Rui Hu: Metropolitan Triangle Garden (China / USA) 3:53
In this experimental animation, statues in the museum participate in a destructive performance triggered by software glitches and misused simulation, turning the space into a madhouse theater with classical beauty and digital chaos, attempting to provoke the sense of history, turmoil, and technological sublime.

Peter Mack: Alphabet (USA)
The English alphabet animated and performed by Peter Mack.

Carlo Ferraris: I’m No Longer Obsessed With Winning (NY) 3:55
The title “I am not more obsessed with winning” expresses the apparent criticism of the super competitive context of the world of contemporary art The video explores the relationship between visual arts and music, declining a simple sound typical of Hip Hop culture with the resumption of a short walk through the streets of New York

James Chrzan: Conversation In Somerville, MA (Chicago, IL) 1:17
A confused memory of a conversation with a friend.

Edward Ramsay-Morin: Lithics (USA) 3:51
For this film, I was interested in creating an origins story that employed imagery of stone artifacts. Origin stories are often set in a timeless, ambiguous space populated with archetypal characters. The imagery used in “Lithics” was selected to parallel these motifs. Stone artifacts from Paleolithic, Neolithic, Cycladic, and Greek periods reside in the same space with mid-20th century computers. Non-corporeal entities act as agents of transformation. Imagery captured from mid to late 20th century telescopes serve as the backdrop for each scene. The stone in the opening scene, once transformed, returns to its original state at the end of the animation, suggesting a process a regeneration and renewal.

Pik-Shuen Fung: Oceans (NY) 2:15
Scenes of women in my family playing mahjong are punctuated by clips of the ocean. Oceans is a meditation on life, death, and the things we do to pass the time between.

Jill Johnston: Don’t Be Afraid of Bears (NY) 3:25
Naturalist Barry Lopez defines “[f]ear of the beast as an irrational, violent, insatiable creature.” Reflection on childhood memories and illusions of a terrifying bear encounter led me to consider the notion of fear and reciprocity of species.

Mark Franz: Body Without Organs (Ohio) 2:34
“Body without organs” is an experimental animation that explores the mystical singularity of the body in terms of its separate functioning parts. Philosophers Gilles Deleuze and Félix Guattari use this term to refer to the “cosmic egg” of life.

Nancy Wyllie: Reenactments (Rhode Island) 2:30
Footage shot over a four year period in a variety of settings including Ford’s Theater, battle reenactments in Pawtuxet Village, RI in celebration of the 1772 sinking of the British schooner The Gaspee as well as dispatch exchanges during the Aurora Colorado Theater shootings and an actual student account of the Sandy Hook massacre provide the narrative lineage for this experimental short.

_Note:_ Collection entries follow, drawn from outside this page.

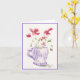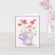A delightful watercolor greeting card showcases a cluster of vibrant poppies arranged inside a charming coffee cup adorned with soft lavender stripes. The poppies, painted in loose, expressive brushstrokes, bloom in warm coral and red tones, their delicate, ruffled petals layered with subtle washes of pink. Slender green stems and airy leaves spill naturally from the cup, adding movement and freshness.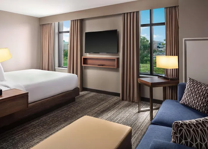 This South Bend hotel is nestled 750 metres from the Boehm Park and 0.9 km from Eck Baseball Stadium. Within a few steps of bars and restaurants, the Embassy Suites South Bend is in the immediate vicinity of the shopping mall "Eddy Street Commons".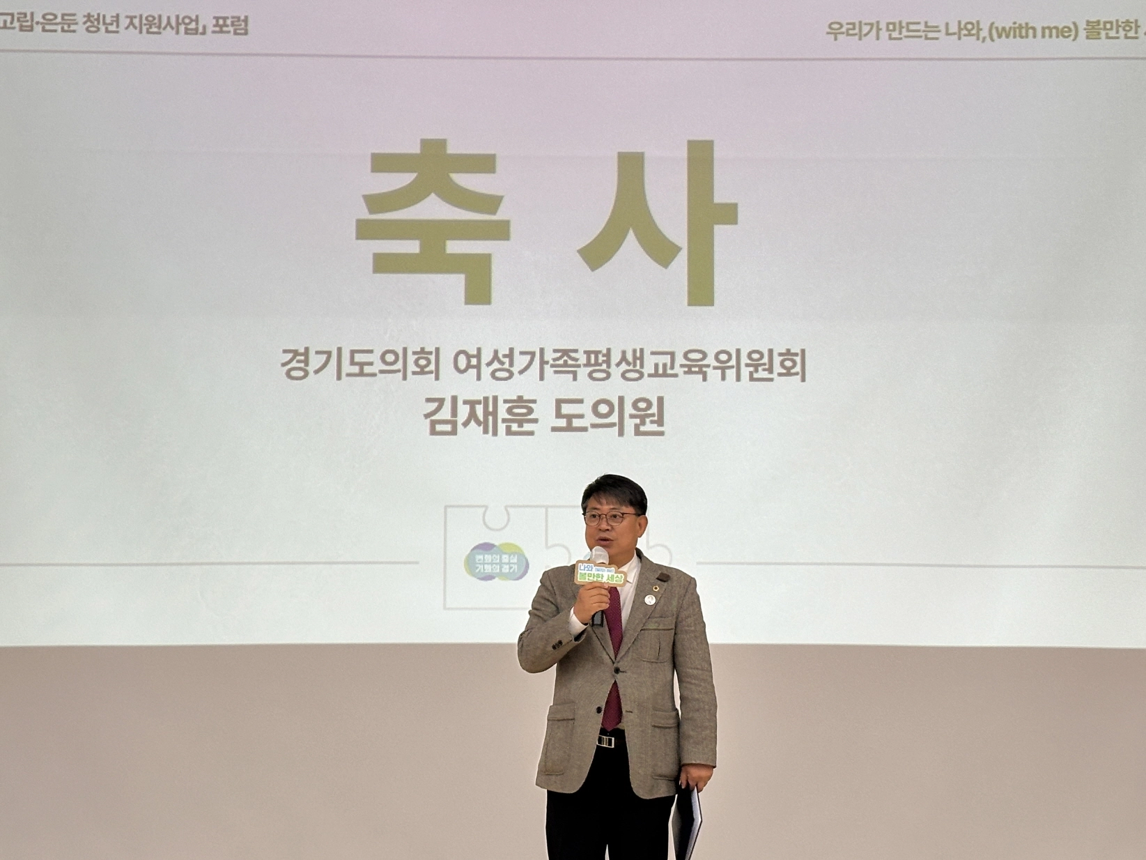 경기도의회 여성가족평생교육위원회 김재훈 의원(국민의힘, 안양4)은 18일(화) 수원유스호스텔 스타트홀에서 열린 ‘2025년 경기 고립·은둔 청년 지원사업 포럼 – 우리가 만드는 나와(with me), 볼만한 세상’에 참석했다.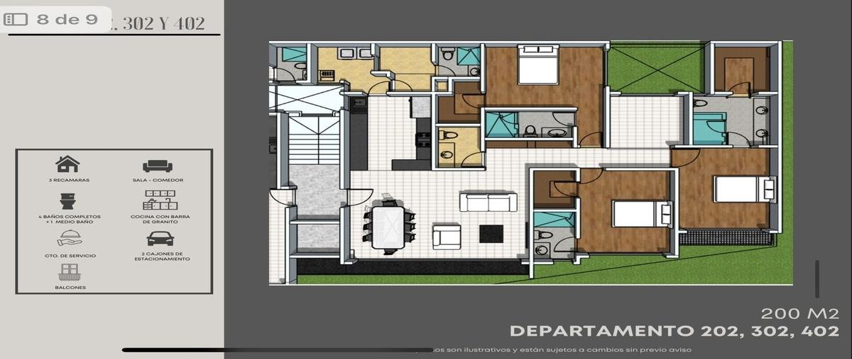 Desarrollo con 7 deptos todos tienen 3 habitaciones con baño y medio baño. roof garden 2 estacionamientos los tamaños varían de 140 a 198 m2 habitables y los precios van de 8,647,600 pesos a 10,732,80...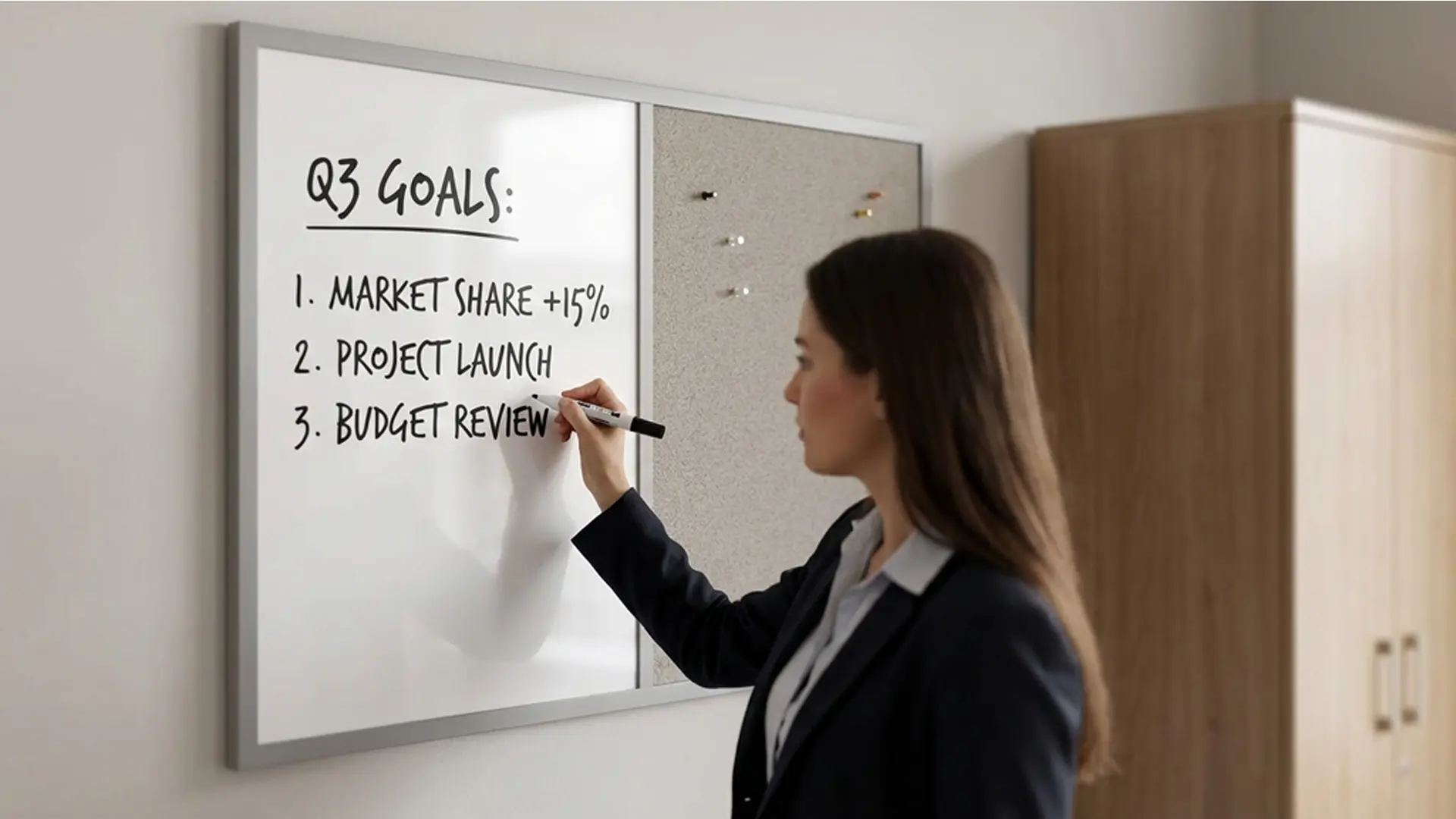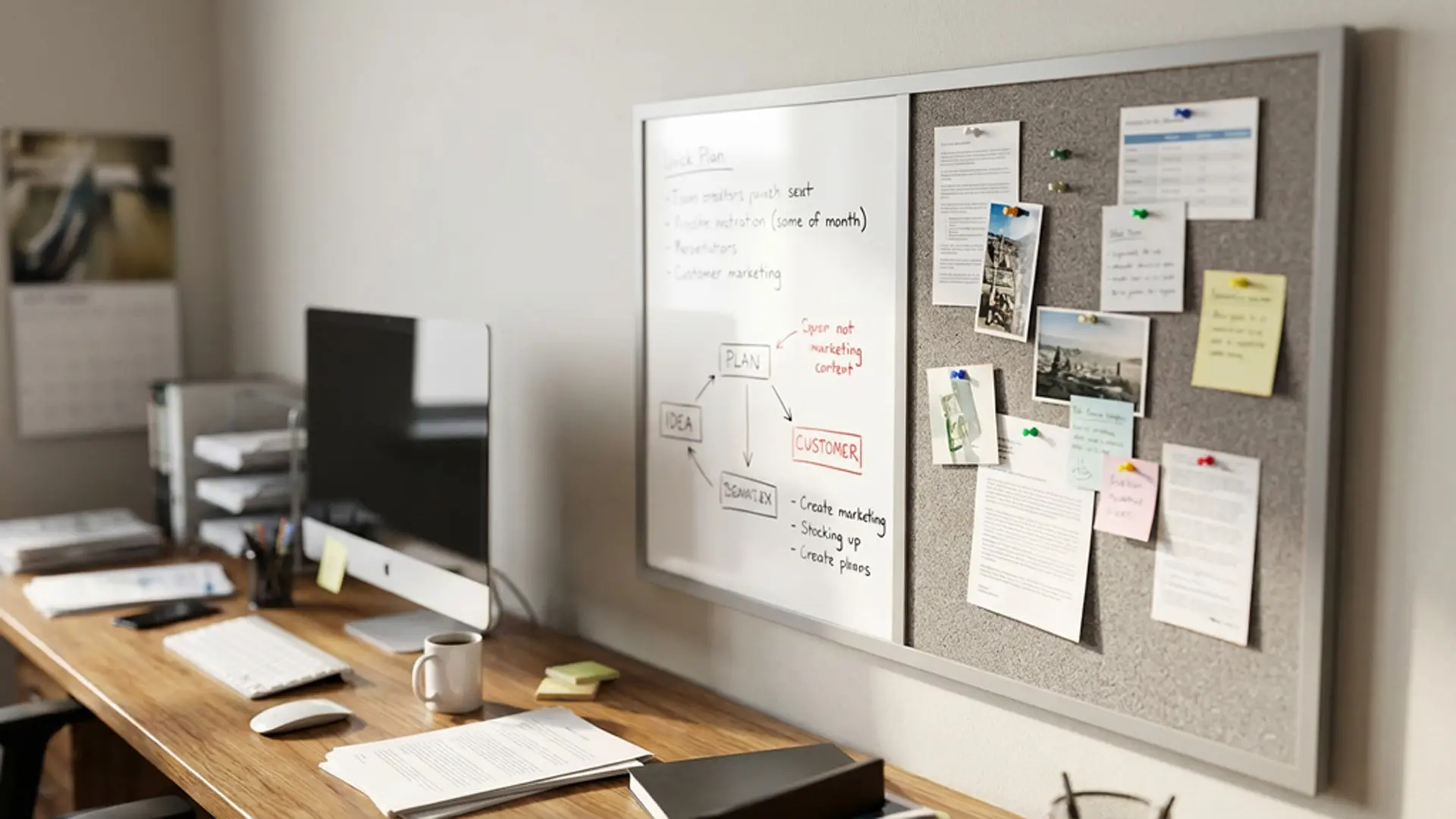 - Funkcjonalność i wygoda — dzięki różnym powierzchniom, tablica zyskuje funkcjonalność kilku tablic. Tablica korkowa pozwala przypinać pinezki lub igły. Tablica magnetyczna biała pozwala na pisanie po niej markerami oraz wykorzystywanie magnesów, tak by móc wyeksponować ważne informacje, notatki czy też zdjęcia.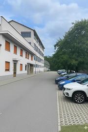 Fabbricato elevato a quattro piani fuori terra, ognuno di 500 mq, all'esterno, un'ampia area parcheggio con 40 posti auto assicura comodità per dipendenti e visitatori.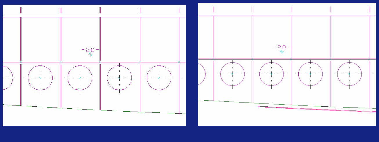 The option to display shell plates in cross section is available in any view created in 2D-Contek, 3D-Contek, HiLTop and Production Information applications. The image below to the left shows a view that does not show intersecting shell plates. The image below to the right shows the same view, but here the intersecting shell plate is displayed.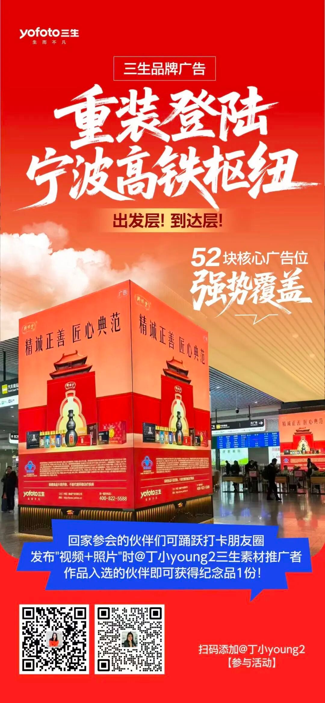 当速度与品质相遇,当流量与实力碰撞——继强势亮相宁波栎社国际机场后,三生品牌广告再度重装出击——全面登陆宁波高铁枢纽!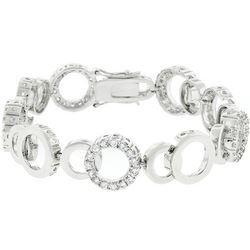 Shimmering circles perfect our Circle Bijoux bracelet. Adorned in simple shapes glistening cubic zirconia and silver toned hues this piece reinvents glamorous simplicity at the lock of its clasp. Our genuine rhodium finish is achieved using an electroplating process that coats the item with heavy layers of rhodium a close cousin to platinum which gives our jewelry a platinum luster.Base Metal: Lead Free Alloy (Brass)Style: , Setting Type: ProngsMaterials: , Stone Cut: RoundCarat Weight: 4.69 (ct)Color: , Plating Color: Silvertone FinishChain Clasp: 20.00Bracelet Size: 7 inchBracelet Clasp: LockStone Size: 1 (mm) x 1 (mm)Type: Link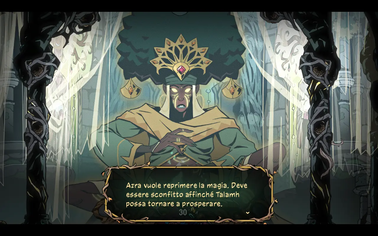La lore del mondo di gioco viene inoltre approfondita attraverso dialoghi di NPC nel Santuario che funge da hub principale, oppure tramite la voce della dea Uchawi, esaminando alcuni background specifici di determinate zone. Abbiamo apprezzato parecchio lo stile narrativo, che ci ha reso possibile capire in modo chiaro la trama di base, arricchendoci spesso con delle chicche sul passato di Talamh.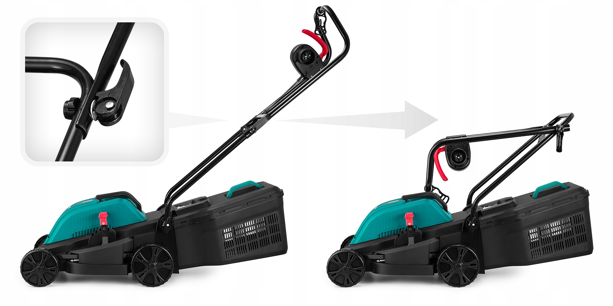 косилка электрическая | Проблема -free Индукционный двигатель | Ширина скашивания до 33 см | 2000W ESP | Разместная корзина 30l | 5-ступенчатая регулировка высоты косителя | два ножа включены Энергия -Страва Легкая сборка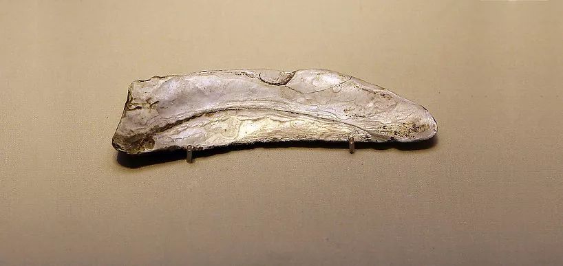 器物示例:石耜,长23.3厘米,宽23.5厘米。新石器时期,把石耜作为掘土和翻地农具。它比铲体形大,扁平锋利,多为长方形,也有舌形、桃形、梯形和椭圆形,两面刃。商朝,石耜仍在农业上占有重要位置。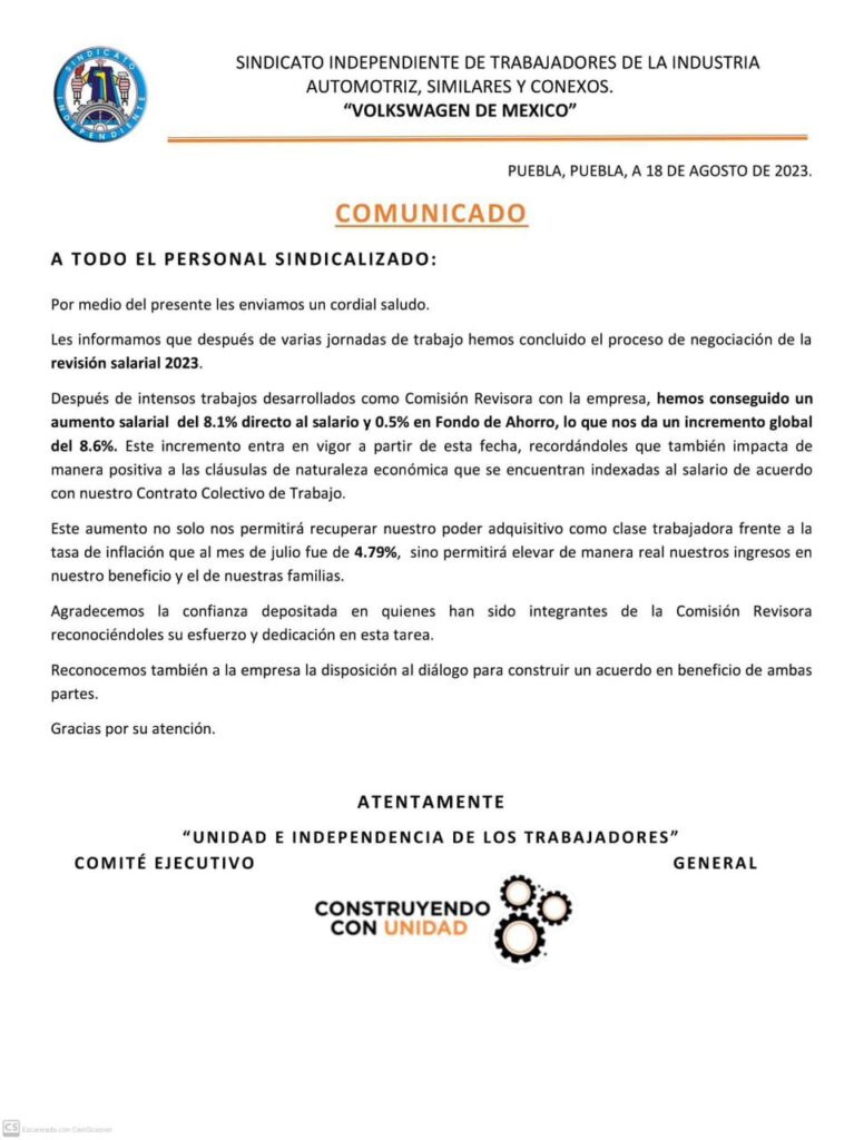 El acuerdo alcanzado entre Volkswagen de México y el sindicato es superior a la inflación anual acumulada, que se ubicó en 4.79% al mes de julio de 2023, por lo que se considera que el monto de incremento salarial es histórico.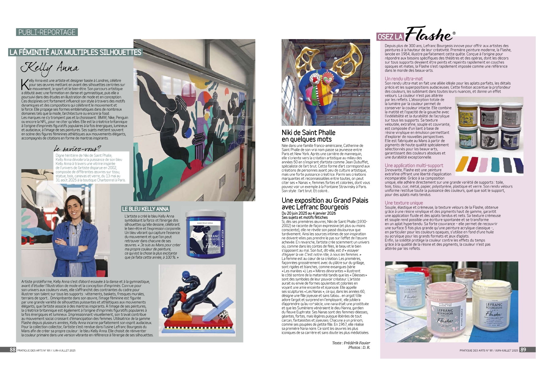 ✨ Lefranc Bourgeois featured in Pratique des Arts magazine!A superb four-page article highlights our two female ambassadors for Flashe Collector, Agnes Cecile and Kelly Anna.They embody our vision: daring, joy and transmission, with powerful creations and two new shades, Rose Sakura and Bleu Kelly Anna.Kelly Anna pays tribute to Niki de Saint Phalle, a major figure in our heritage, who also used Flashe paint for her iconic Nanas.🔗 And we are proud to be partners of the Niki de Saint Phalle exhibition at the Grand Palais in Paris this year, which begins on 20 June.📖 Discover it in the new issue of Pratique des Arts!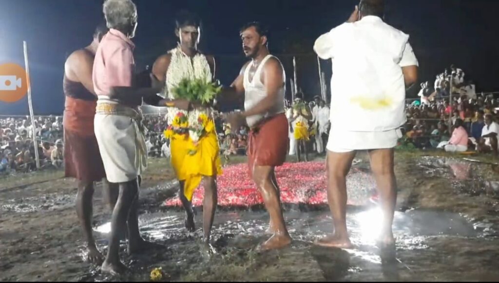 வேதாரணியம் அடுத்த அண்டர் காடு கிராமத்தில் அமைந்துள்ள திரவுபதி அம்மன் திருக்கோயில் தீமிதி திருவிழா

The use of surveillance and the invasion of privacy are set against a security breach at Ford’s Theater in a face off with the Second Amendment. Gun violence in the United States has reached unprecedented levels. Gun control debates continue to divide the country and call into question the contributing historical, cultural and sociopolitical factors that have entered into the national conversation. As a Professor of Art & Digital Media at the largest community college in New England, my job now includes active shooter training. It is the voice of RI State Police Tactical Team Commander Derek Borek heard in the background of ‘Reenactments’ that makes this American crisis ever more chilling as he describes the strategies that faculty and staff members should employ in an effort to protect themselves and their students during critical moments while waiting for police to arrive.

Neil Needleman: Two Landscapes (NY) 3:00
The conflict between the landscape the eye sees and the one the mind remembers.

Dominique Duroseau: Baldwin’s Nigger and I Listen (Newark, NJ) 2:40
This video shows a woman of color (the artist) in blackface make-up, listening to James Baldwin as he talks about the word “Nigger”. It’s a charged and multi-layered piece that collapses many issues and references from different points in time; each time through, it ends with a revelation.

Greg Leshe: Flying In The Museum (NJ) 2:30
This is a private performance I made in the Newark Museum during my residency in 2004.